Tuesday, September 27, 2011

A bit further afield - Szentendre and Eger

I’ve been able to get out of the city a couple times so far, once on a class field trip and another on a short day trip just north of Budapest.  When leaving Budapest, there’s a fairly clear and immediate infrastructural drop off.  The road quality declines, the buildings become noticeably shabbier: it just appears as a country in which wealth is strongly centralized.  We took the suburban train on the day trip, only at the border of Budapest proper the train tracks were under maintenance, which necessitated transferring to a replacement bus.

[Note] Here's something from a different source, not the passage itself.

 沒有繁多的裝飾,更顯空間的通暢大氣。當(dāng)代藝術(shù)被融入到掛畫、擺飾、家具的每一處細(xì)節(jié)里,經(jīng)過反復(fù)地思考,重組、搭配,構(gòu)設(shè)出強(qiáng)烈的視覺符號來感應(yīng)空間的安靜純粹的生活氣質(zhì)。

Szentendre was the closer of the two destinations, accessible by the aforementioned suburban train/replacement bus.  It’s only about 20 km north of Budapest, but the opposite side of Budapest from where I live in southeast Pest, so it still took about 90 minutes to go door-to-door.  It basically felt like the Hungarian version of the Black Hills, one of those inexplicable tourist destinations that arose in response to nothing more than geographic proximity.  As such, it is overrun with tourists with little to do except walk from tiny kitschy jewelry shop to tiny overpriced knife shop.  Also, our waitress was essentially Ursula from Mad About You.

The main theoretical attraction of Szentendre, beyond its location convenient to Budapest on the Danube, is that it is the historical center of the Serb minority in Budapest.  As such, there are lots of Orthodox churches around the city.  Besides the legacy of religious buildings, though, the Serb influence did not feel considerable.

Eger, our full class field trip destination, is outside of the Budapest metro area bubble, a couple hours east and slightly north in Northern Hungary.  Eger falls in the foothills between the Great Hungarian Plain and the Mátra Mountains.  Though “mountains” is a pretty strong term, since the highest point is less than 3000 feet.

Given that physical geography, it’s unsurprising that Eger is the core of Hungarian wine country.  Eger is also historically significant for several sieges – the most important of which in 1552 essentially stopped the Ottoman advance in Europe and serves as a major Hungarian national sociohistorical touchstone.  Eger was ultimately occupied in 1596 by the Ottomans and as such has the northernmost Turkish minaret in the world.  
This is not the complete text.